**Record extracts**
⟨
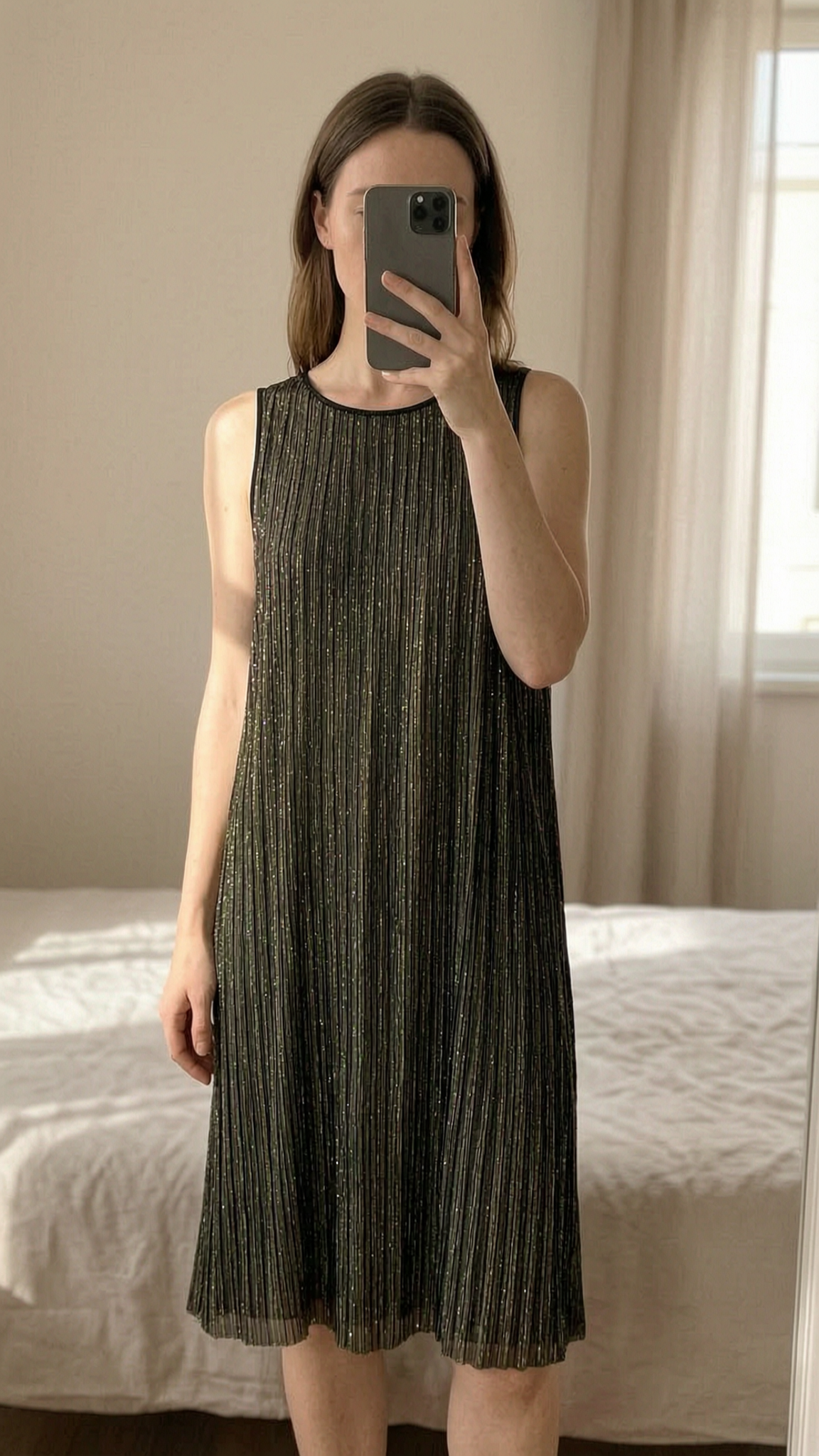 Vestido brilhante Mango em pé, de frente para a câmera, em um quarto com iluminação suave e luz natural filtrando pela janela.
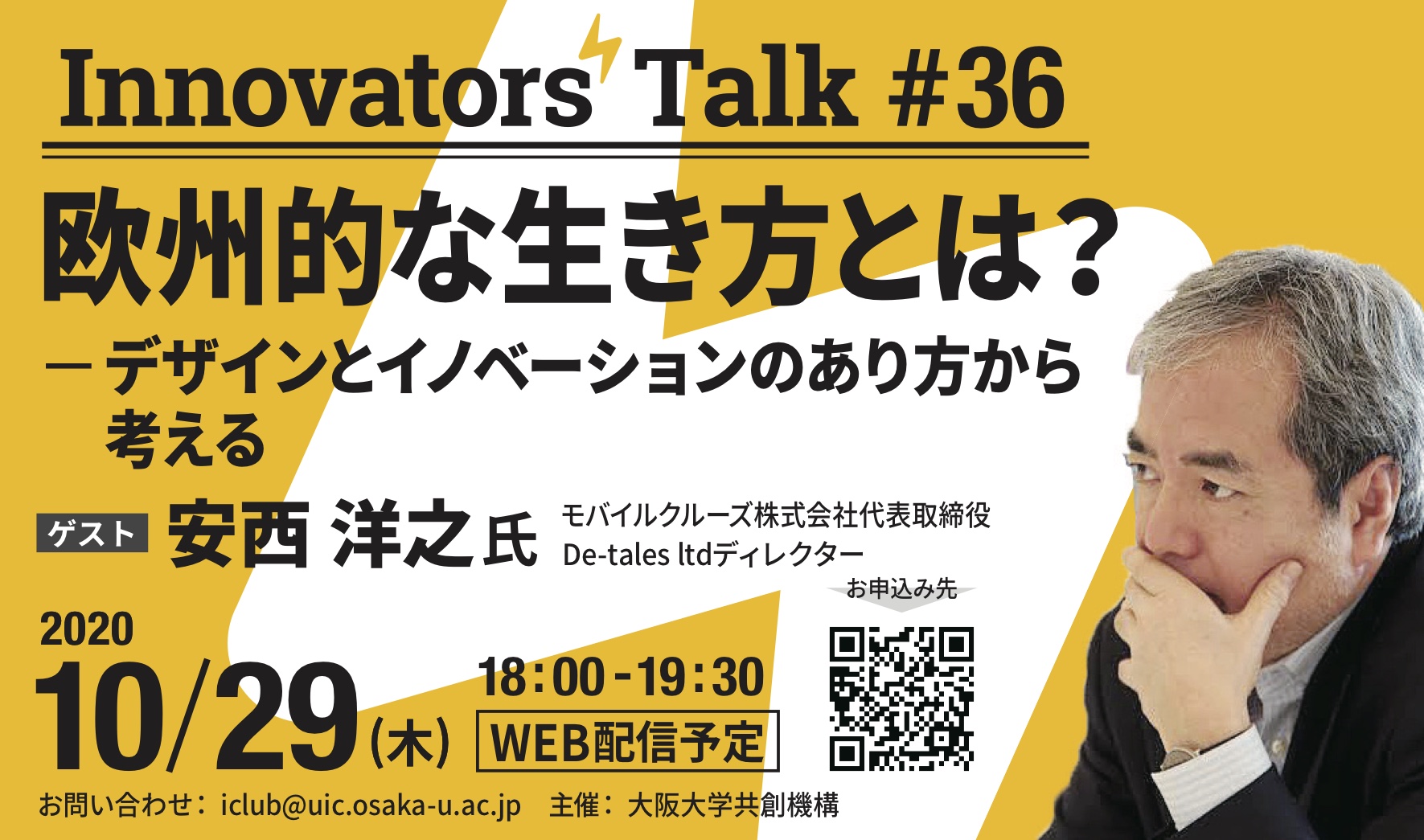 Innovators' Talk #36欧州的な生き方とは?-デザインとイノベーションのあり方から考える2020年10月29日(木)18時~19時30分ゲスト安西洋之モバイルクルー...
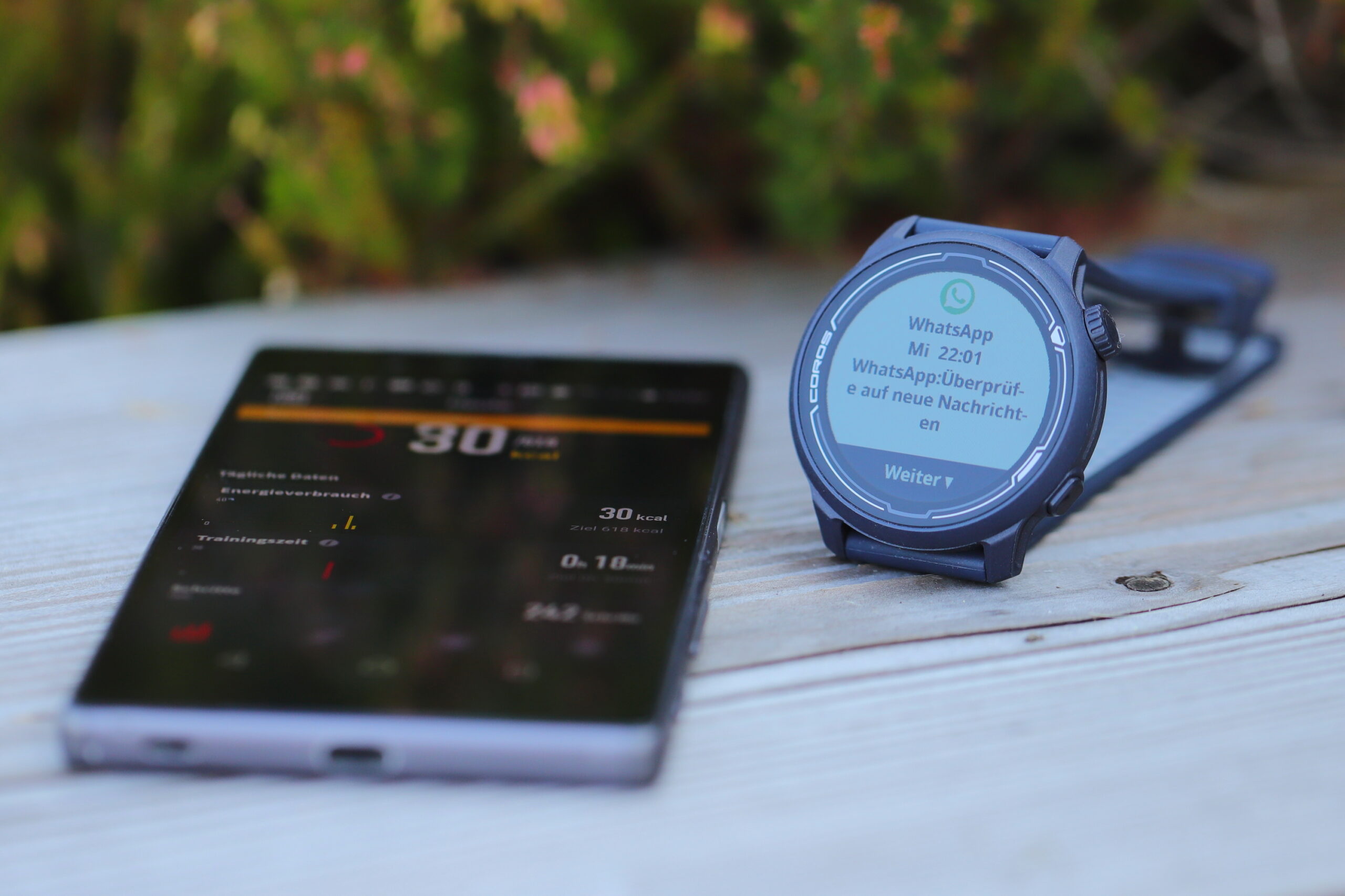 Durch die Erst-Konfiguration führen Garmin und Coros direkt nach Start auf der Uhr. Es wird gekoppelt und verbunden (mit dem Smartphone und den Anbieter-Apps Coros und Garmin Connect). Es werden Ziele eingerichtet, Benutzerdaten eingegeben und einiges mehr – alles Schritt für Schritt. Coros vermittelt einem dabei schon die ersten Manöver mit dem Scrollrad. Garmin ist an dieser Stelle bei der Erläuterung der Uhren-Bedienelement zurückhaltender.
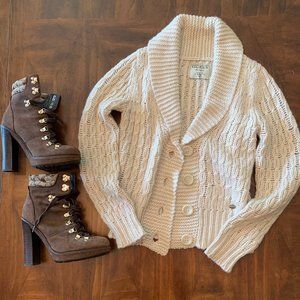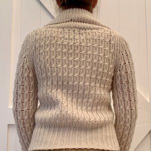 - Cream colored knit sweater - 4 front buttons and folded collar - Size small - No damage
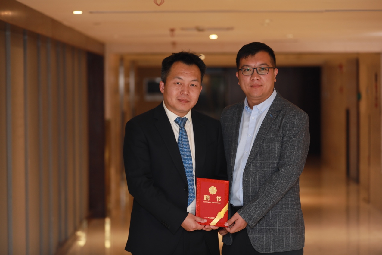 曹晓利主席(图左)向王胜辉颁发首批参与“校友平台”建设院校聘书
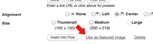 To feature images, use the “Featured Image” section on the lower right side of the post edit page (see screenshot below). After uploading the image, select "Use as featured image". When uploading an image, it automatically creates all the different sizes for you. For reference: images for blog posts are 500x200 and images for map items are 95x95.
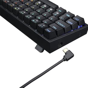 Especificações: - switches: redragon mk ii blue - acionamento: mecânico - diy: sim - cor: preto - formato: 65% 68 teclas - design: high profile - layout: abnt2 - conectividade: cabo usb-c para usb-a removível - software: não - altura ajustável: sim - materiais do case: plástico abs - iluminação: rgb - rollover: n-key - comprimento do cabo: 1.80 - keycaps: doubleshot abs
⟩
**About this exercise**
Copy the records above exactly, leaving out every picture.

**Response for this exercise**
 Vestido brilhante Mango em pé, de frente para a câmera, em um quarto com iluminação suave e luz natural filtrando pela janela.
 Innovators' Talk #36欧州的な生き方とは?-デザインとイノベーションのあり方から考える2020年10月29日(木)18時~19時30分ゲスト安西洋之モバイルクルー...
 Durch die Erst-Konfiguration führen Garmin und Coros direkt nach Start auf der Uhr. Es wird gekoppelt und verbunden (mit dem Smartphone und den Anbieter-Apps Coros und Garmin Connect). Es werden Ziele eingerichtet, Benutzerdaten eingegeben und einiges mehr – alles Schritt für Schritt. Coros vermittelt einem dabei schon die ersten Manöver mit dem Scrollrad. Garmin ist an dieser Stelle bei der Erläuterung der Uhren-Bedienelement zurückhaltender.
 - Cream colored knit sweater - 4 front buttons and folded collar - Size small - No damage
 曹晓利主席(图左)向王胜辉颁发首批参与“校友平台”建设院校聘书
 To feature images, use the “Featured Image” section on the lower right side of the post edit page (see screenshot below). After uploading the image, select "Use as featured image". When uploading an image, it automatically creates all the different sizes for you. For reference: images for blog posts are 500x200 and images for map items are 95x95.
 Especificações: - switches: redragon mk ii blue - acionamento: mecânico - diy: sim - cor: preto - formato: 65% 68 teclas - design: high profile - layout: abnt2 - conectividade: cabo usb-c para usb-a removível - software: não - altura ajustável: sim - materiais do case: plástico abs - iluminação: rgb - rollover: n-key - comprimento do cabo: 1.80 - keycaps: doubleshot abs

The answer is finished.